Wilfried Klingbiel
- Wilfried Klingbiel in 1957

Personal information
- Date of birth: 21 June 1939 (age 87)
- Place of birth: Stendal, Germany
- Position: Forward

Youth career
- 1947–1957: Lok Stendal

Senior career*
- Years: Team / Apps / (Gls)
- 1957–1959: Lok Stendal / 37 / (4)
- 1960–1964: SC Dynamo Berlin / 79 / (15)
- 1964–1966: 1. FC Magdeburg / 40 / (0)
- 1966–1969: Stahl Eisenhüttenstadt
- 1969–1973: Stahl Brandenburg

International career
- 1958–1961: East Germany / 6 / (1)

Managerial career
- 1973–1975: Stahl Brandenburg

= Wilfried Klingbiel =

German footballer

Wilfried Klingbiel (born June 21, 1939, in Stendal, Germany), is a retired German footballer known for his position as a left winger. He had a notable career primarily in the DDR-Oberliga, the top tier of East German football.

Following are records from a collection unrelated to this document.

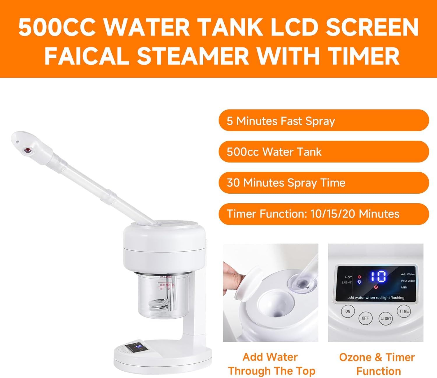 Timer Setting: Digital display allows you to set the ozone mode and timer for customized steaming sessions. You can choose 10, 15, 20 minutes timing, which elevate your skincare routine or professional services.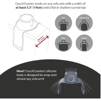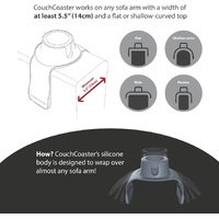 The Couch Coaster features an intergrated mug handle slot and cup adaptor so it can be used forhot and cold drinks, bottles, cans, mugs, glasses,and itfits over flat, curved, wide and narrow chair armsthanks to its clever weighted silicone design.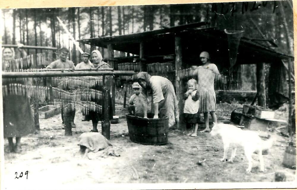 Zvejnieks un tā ģimenes locekļi liek žāvēties reņģes.

== Early life and youth career ==
Klingbiel started his football journey with local clubs, SG Stendal-Nord (1947–1952) and BSG Lok Stendal (1952–1957), where he honed his skills before moving to professional football.

== Professional career ==
Wilfried Klingbiel played professionally for Stahl Brandenb. from 1958 until his retirement in 1973. During his career, he made a total of six appearances for the East German national team, although he did not score any goals. His time in the DDR-Oberliga was marked by participation in several significant matches and competitions, contributing to his team's performance.